## Activity
Only the lines from the one with "Features a Coconut" through the final line below belong in the answer, copied exactly and without pictures.

## Material provided
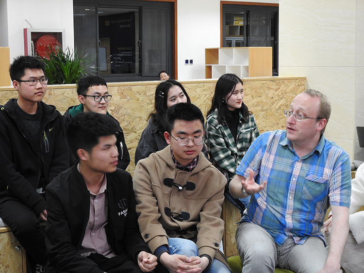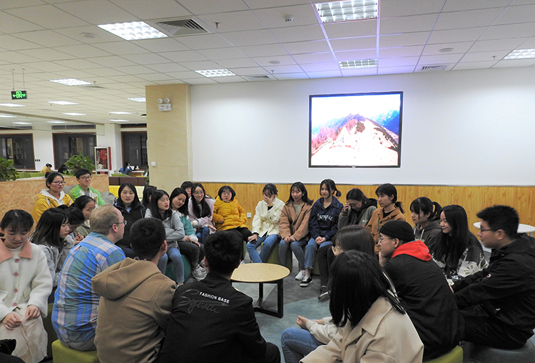 阳春三月,春意渐浓。3月15日晚7点整,开云kaiyun体育新学期第一次“英语角”活动在临潼校区骊山校园图书馆一层创客空间正式启动。本次活动由英语1601班主办,班级全体成员及部分英语爱好者参与活动。外教James与同学们环坐详谈,对同学们感兴趣的留学、工作、国际问题等话题一一展开,进行了认真的分析。
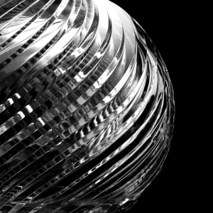 Lampada a sospensione (lampadario) della collezione Diamond et Swirl disegnato da Bridgewell Consulting Ltd con particolari metallici in cromo lucido e diffusore in cristallo al piombo 24%, molato a mano nel disegno Swirl. Disponibile con diffusore con d
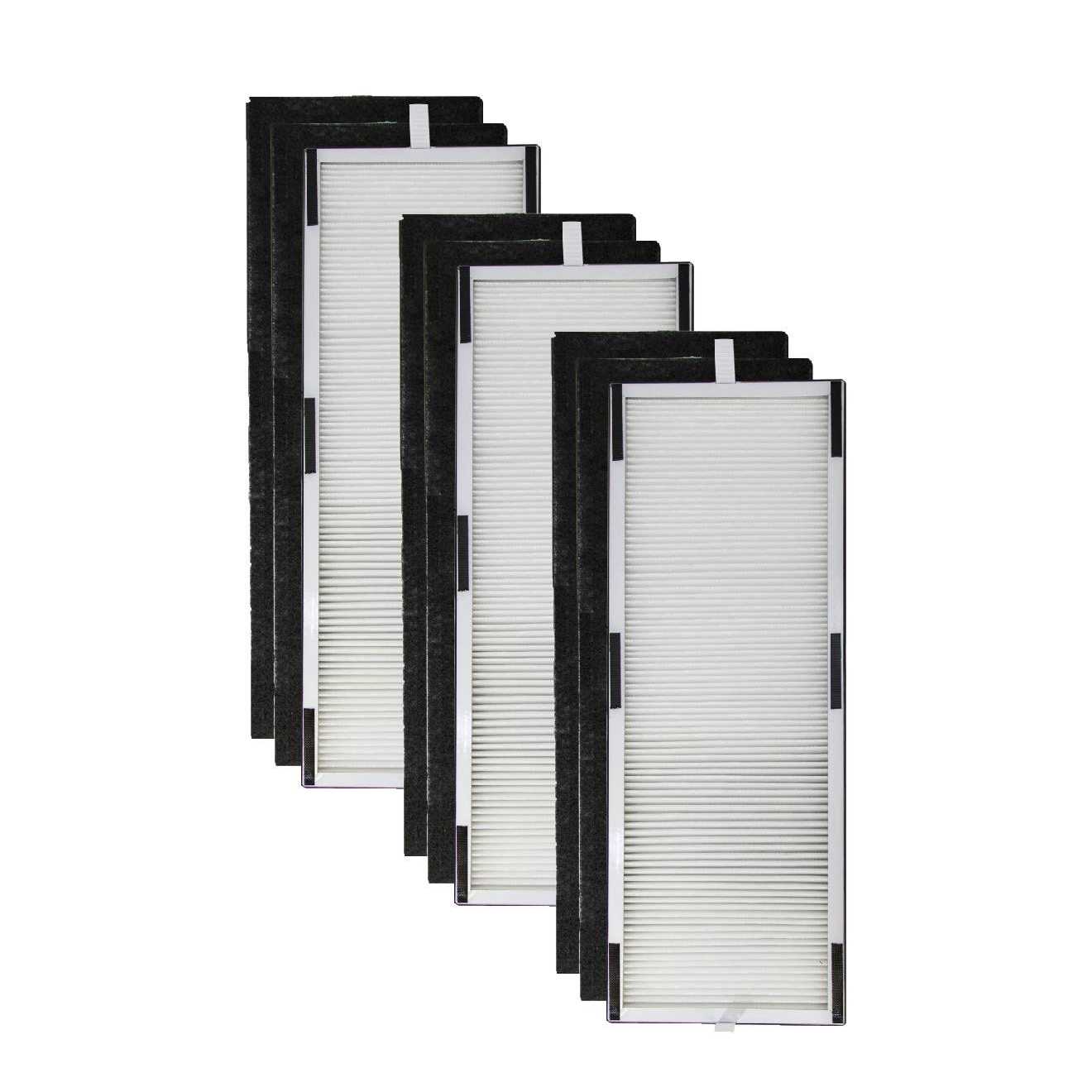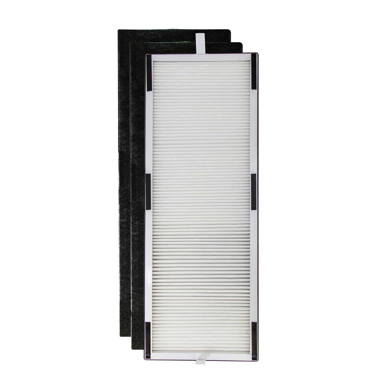 Features a Coconut Carbon pre-filter which neutralizes household odors from cooking, cleaning, smoking, and pets. The pre-filter also captures larger particles before they reach the HEPA filter which extends the life of the HEPA filter. The True HEPA filter removes 99.9% of airborne particles as small as 0.3 microns including smoke, dust, pollen, pet hair and dander, mold spores, and dust mite debris. It is recommended to replace the HEPA filter every 6 months and the pre-filter every 3 months for maximum efficiency, or more often depending on air quality and environmental factors. Package contains (1) one replacement HEPA filter and (2) two replacement pre-filters.
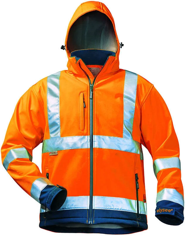 moderne Warnschutz-Softshell Jacke BILL – elysee in der Farbkombination fluoreszierend orange/marine. Diese elysee Softshell Jacke ist wind- und wasserdicht, so sind Sie optimal vor schlechtem Wetter geschützt.

## Exercise result
 Features a Coconut Carbon pre-filter which neutralizes household odors from cooking, cleaning, smoking, and pets. The pre-filter also captures larger particles before they reach the HEPA filter which extends the life of the HEPA filter. The True HEPA filter removes 99.9% of airborne particles as small as 0.3 microns including smoke, dust, pollen, pet hair and dander, mold spores, and dust mite debris. It is recommended to replace the HEPA filter every 6 months and the pre-filter every 3 months for maximum efficiency, or more often depending on air quality and environmental factors. Package contains (1) one replacement HEPA filter and (2) two replacement pre-filters.
 moderne Warnschutz-Softshell Jacke BILL – elysee in der Farbkombination fluoreszierend orange/marine. Diese elysee Softshell Jacke ist wind- und wasserdicht, so sind Sie optimal vor schlechtem Wetter geschützt.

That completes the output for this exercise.